Safeco And Fortis To Shed Non-Core Businesses
By
Recent announcements from Safeco Corp. that it is selling its life and investment business unit and from Fortis, Inc. that it will spin off its non-core U.S. insurance operations suggest that companies are refocusing their energies on core strengths, analysts say.
John Nigh, a principal with Tillinghast-Towers Perrin, New York, speaking on the issue of focusing on core operations, says if a company is not achieving scale or sufficient return, that is a good reason for refocusing.
However, caution is needed because “inherent volatility” may be created since different businesses within a company can immunize other lines of business in a downturn, Nigh continues.
Given the growing need for scale and market presence, companies are saying, “lets pick our spots,” says Bob Donohue, a vice president and senior credit analyst with Moodys Investors Service, New York.
The plans of both companies follow announcements that AXA Group, Paris, intends to purchase MONY Group, New York, (see NU, Sept. 22) and that Manulife Financial Corp., Toronto, will buy John Hancock Financial Services, Boston (see story on page 48).
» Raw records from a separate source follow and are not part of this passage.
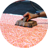 Block printing is a printing technique that uses a solid material to transfer ink into fabric. The block printing process involves engraving a design on the material, known as the block, inking the design, and then using the block as a stamp on the fabric. The resulting design will be a mirror image of the one on the block. The block may be a piece of wood, plastic, or any other suitable material. No machines are used to do block printing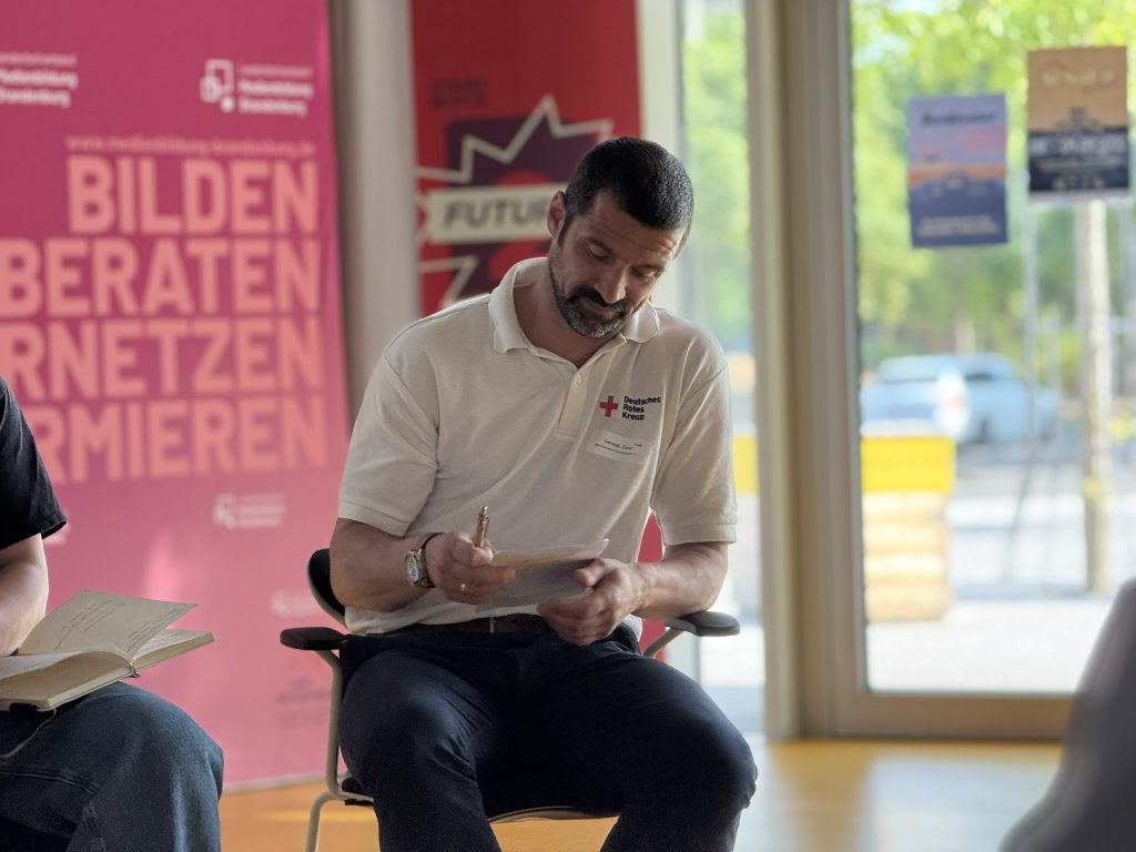 Falk Peschel (BSW, MdL), der parlamentarische Geschäftsführer der BSW-Fraktion, Lennox Doernbrack (Referent für Kinder- und Jugendbeteiligung) und Daniel Gensigk, (Leiter Jugend(sozial)arbeit beim DRK Kreisverband Fläming-Spreewald).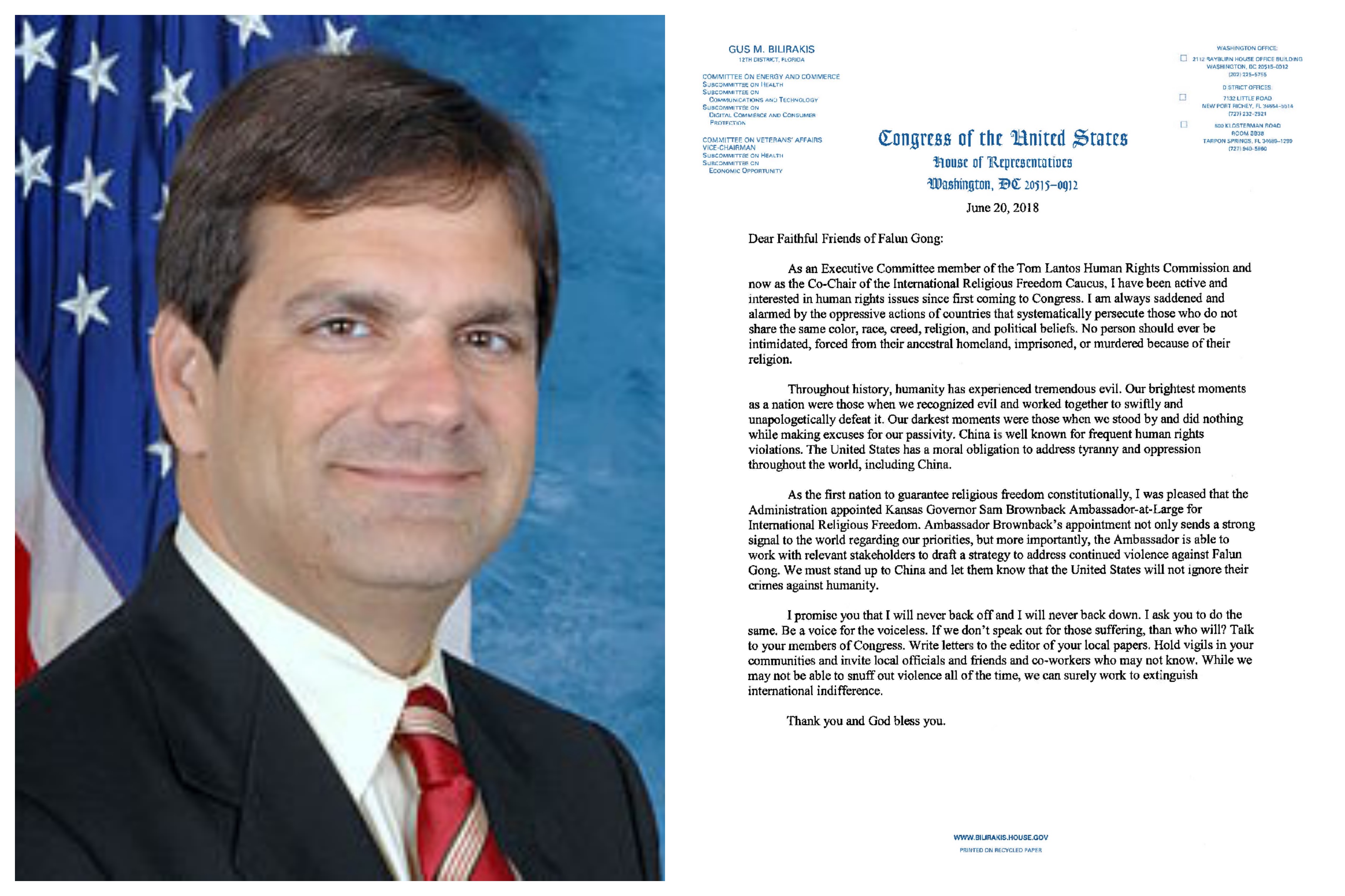 佛罗里达州联邦众议员古斯·比利拉基斯(Rep. Gus Bilirakis)在声援信中说:“作为兰托斯人权委员会执行委员会的一员,同时也是国际宗教自由委员会的联合主席,我从刚开始成为国会议员时,就一直非常关注人权问题。当看到国家政权因为肤色、种族、信仰、宗教和政治理念而系统性地迫害民众时,我总是感到悲伤和震惊。不应该有人因为信仰而遭到恐吓、驱逐出国、监禁和杀害。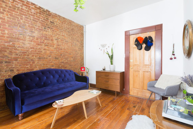 Bộ ghế sofa màu xanh cobalt tạo điểm nhấn độc đáo cho không gian phòng khách giản dị.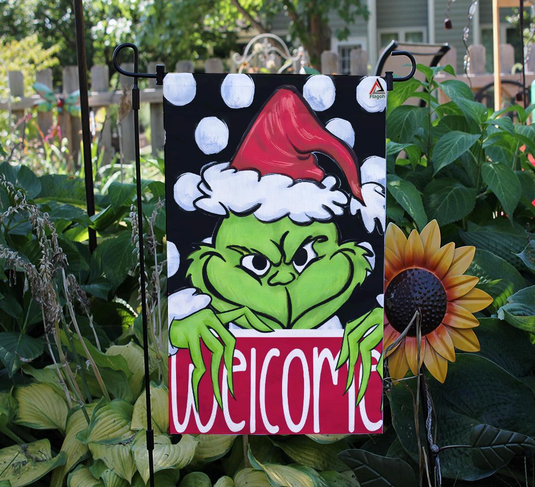 Welcome Christmas Grinch Garden Flag: Charming Seasonal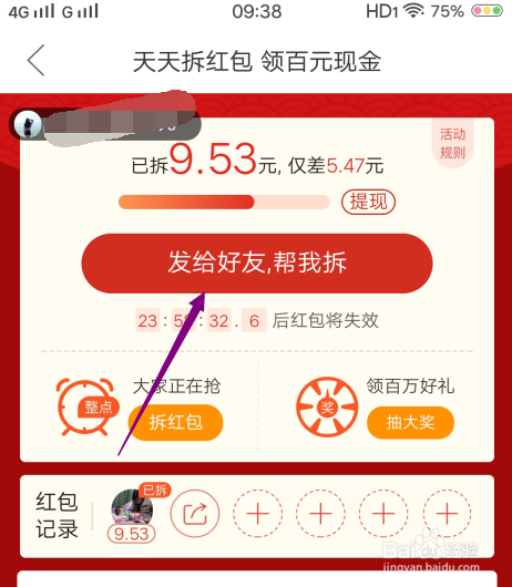 此时红包金额肯定是不足15元的,因为只有到了15元才可以提现,需要邀请好友来帮忙拆红包。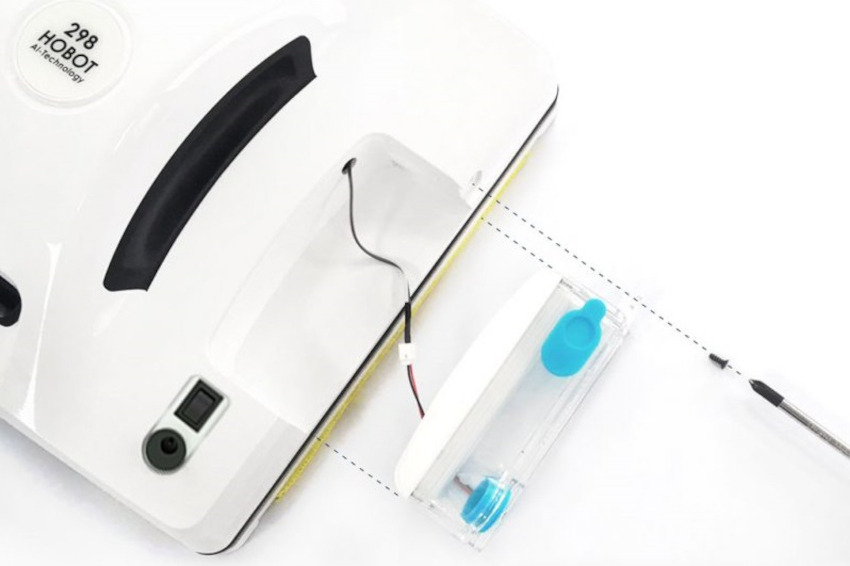HOBOT-298 оснащен встроенным дозатором моющих средств HOBOT. Ультразвуковая насадка очень хорошо работает с моющим средством или дистиллированной водой. Он экономит расход воды и моющих средств, используя всего 1 см3 воды на м2.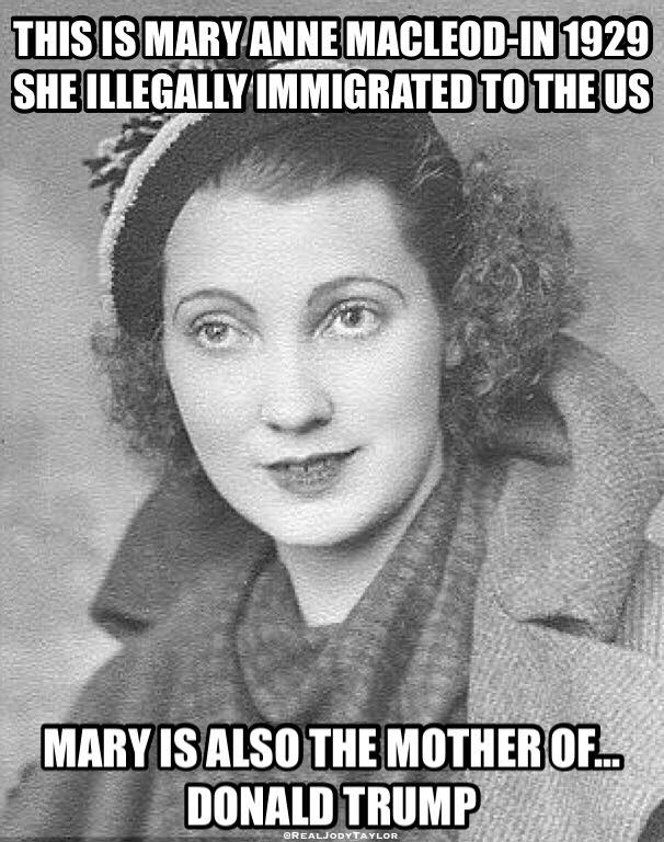 Mientras Donald Trump sigue preocupado por la inmigracion…. Posted on January 30, 2017 by Gerald Dean Esta es Mary Anne Macleod. En 1929 emigro ilegalmente a los USA Mary resulta ser tamboen la madre del Presidente Donald Trump Share this: Share on X (Opens in new window) X Share on Reddit (Opens in new window) Reddit Share on Facebook (Opens in new window) Facebook Like Loading... Related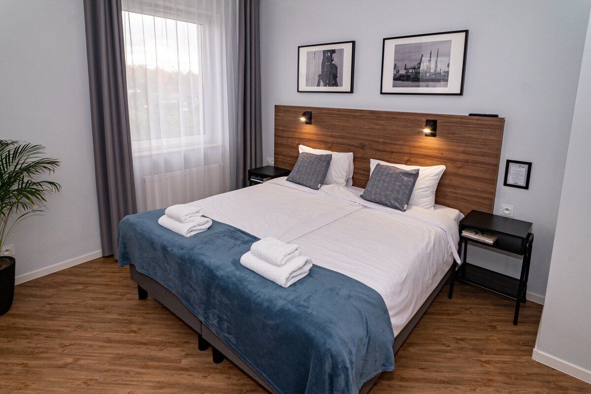 Room for two (BLUE) in Fusy Miętusy The room is a comfortable bedroom with two beds, a wardrobe, armchairs and a table. The bathroom has a functional large shower. Bed linen and towels are available. The room has access to wi-fi. The room has a view of the Gdańsk churches. The room is located above the Fusy Miętusy cafe where breakfast and lunch are served, and the bar is stocked with good local beers and world-class whiskey.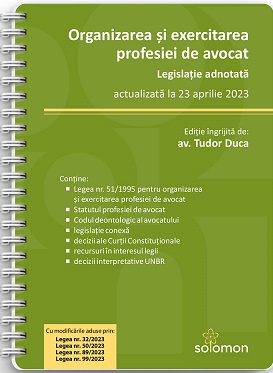 Legea nr. 51/1995 pentru organizarea si exercitarea profesiei de avocat, cu ultimele modificari aduse prin: Legea nr. 32/2023, Legea nr. 50/2023, Legea. nr. 89/2023, Legea nr. 99/2023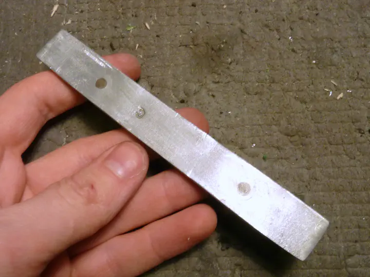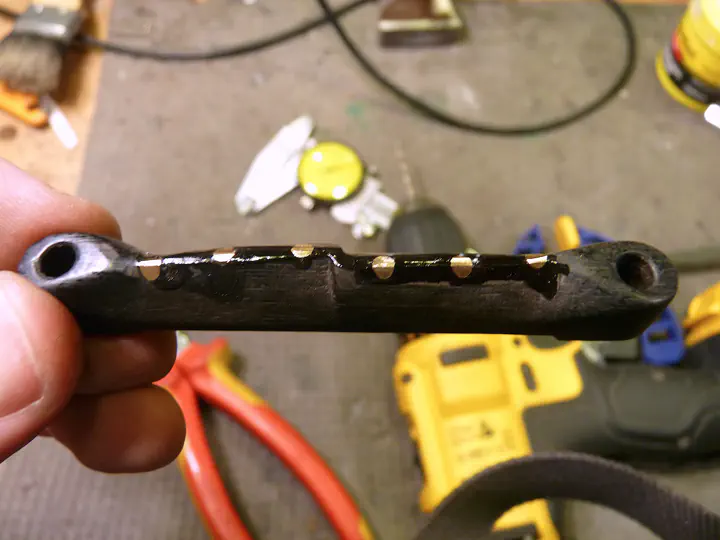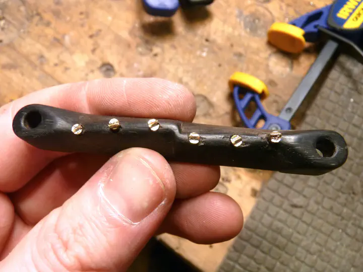 Вдавливаю в отверстия латунный пруток соответствующего диаметра и обрезаю его вровень с поверхностью. То, что выглядит как шлицы, на самом деле - следы от кусачек.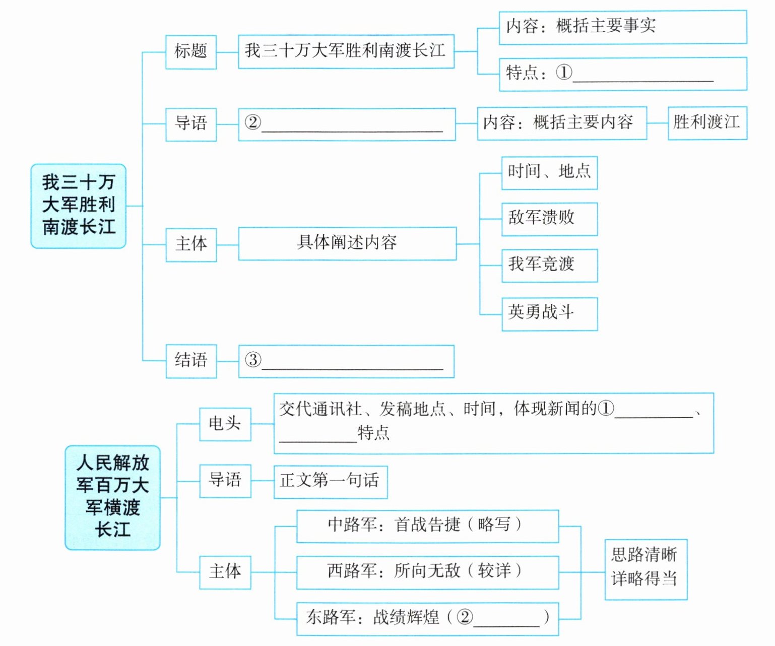 《我三十万大军胜利南渡长江》:①简明、醒目,概括性强 ②英勇的人民解放军二十一日已有大约三十万人渡过长江 ③发出战斗号召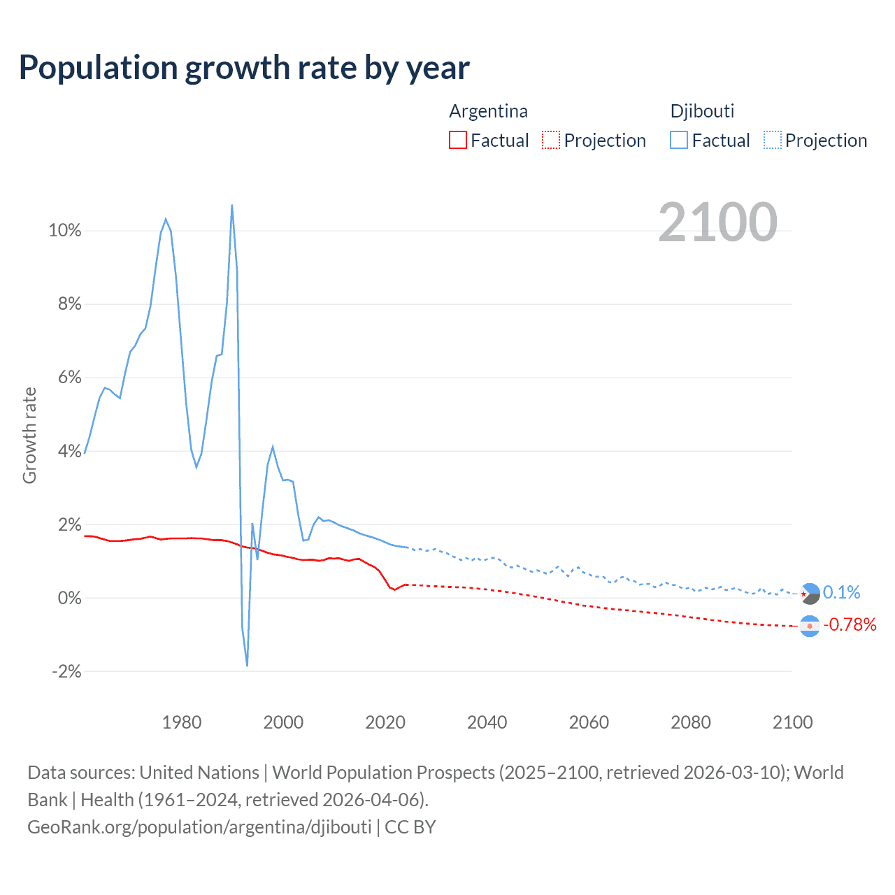 - For the last 10 years, Argentina has had an average growth rate of +0.64% per year vs +1.57% in Djibouti.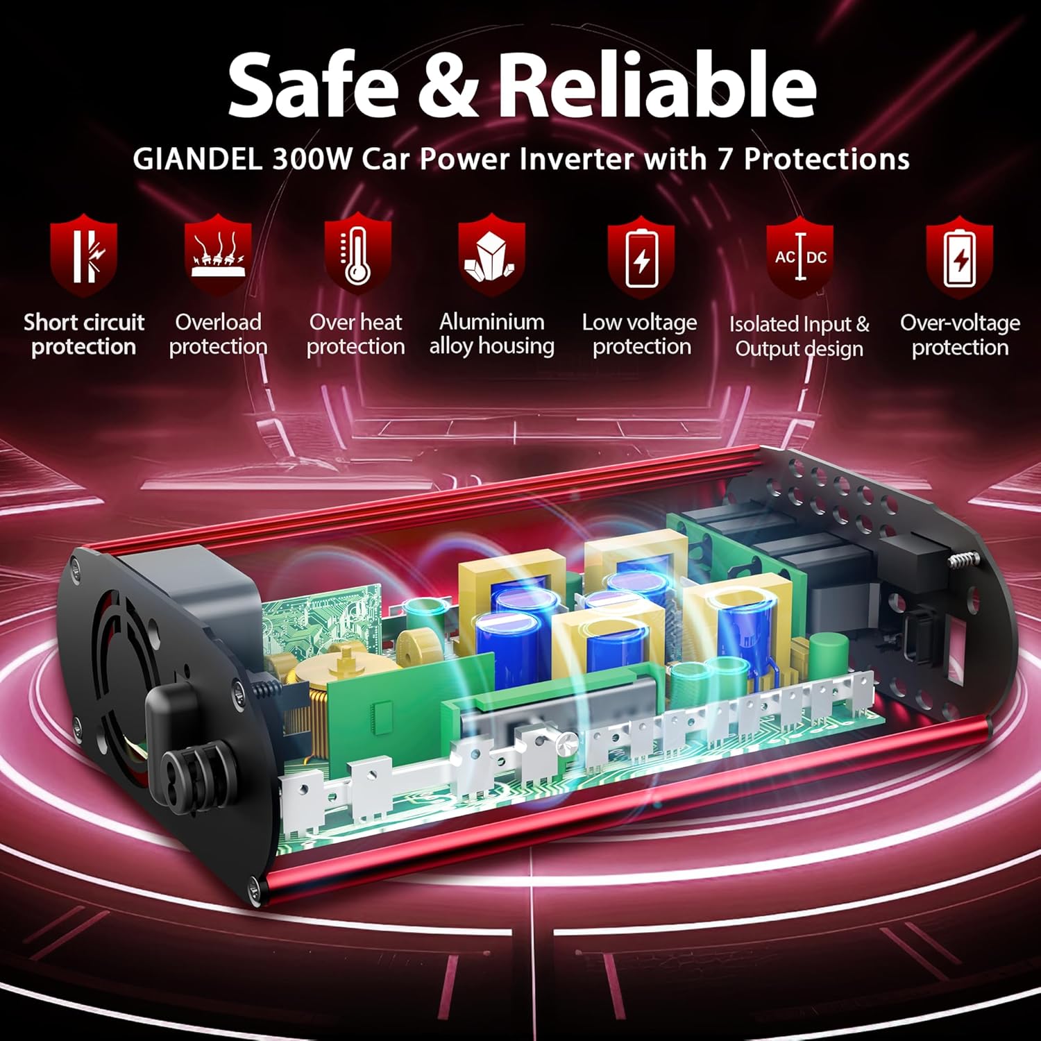 - GIANDEL 300Watt PURE SINE INVERTERS designed for your devices that require careful protection, provide 300Watt continuous DC to AC power in car and with 2 AC outlets and 2 USB charging ports, great for Christmas gift, charging string lights, laptop, speakers, cameras, nebulizer, game console,Pad and other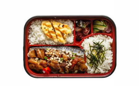 Healthy and delicious bento box lunch with grilled meat, rice, vegetables, and fruit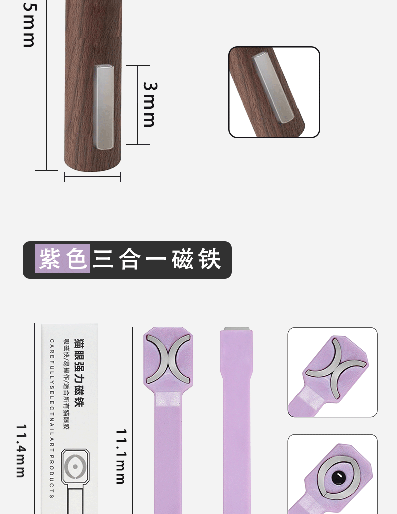 Suministro directo transfronterizo nuevo cigarro multifuncional varilla magnética arte de uñas imán de dos cabezas imán de succión fuerte de ojo de gato cinco en uno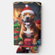 Esta imagen resalta el espíritu navideño con el Staffy en un sombrero de Papá Noel, rodeado de regalos y decoraciones navideñas, listos para difundir algunas ovaciones "aplacadoras".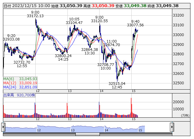 【市況】10時の日経平均は363円高の3万3049円、アドテストが75.39円押し上げ

In the case of Safeco, the Seattle-based company said its plans to sell its life and investments business unit is part of a new corporate structure that will focus on selling property-casualty insurance products through a network of independent distributors supported by a common sales, service and technology platform.
Most of the proceeds of the sale will be returned to shareholders in the form of a special dividend, a stock repurchase plan or a combination of the two, according to the company.
Proceeds will also be used to reduce Safecos debt to a level appropriate for the companys new size, and a small amount will be used to support ongoing business needs, the company added.
The life business generated $237 million in operating earnings on $2 billion in revenue in 2002.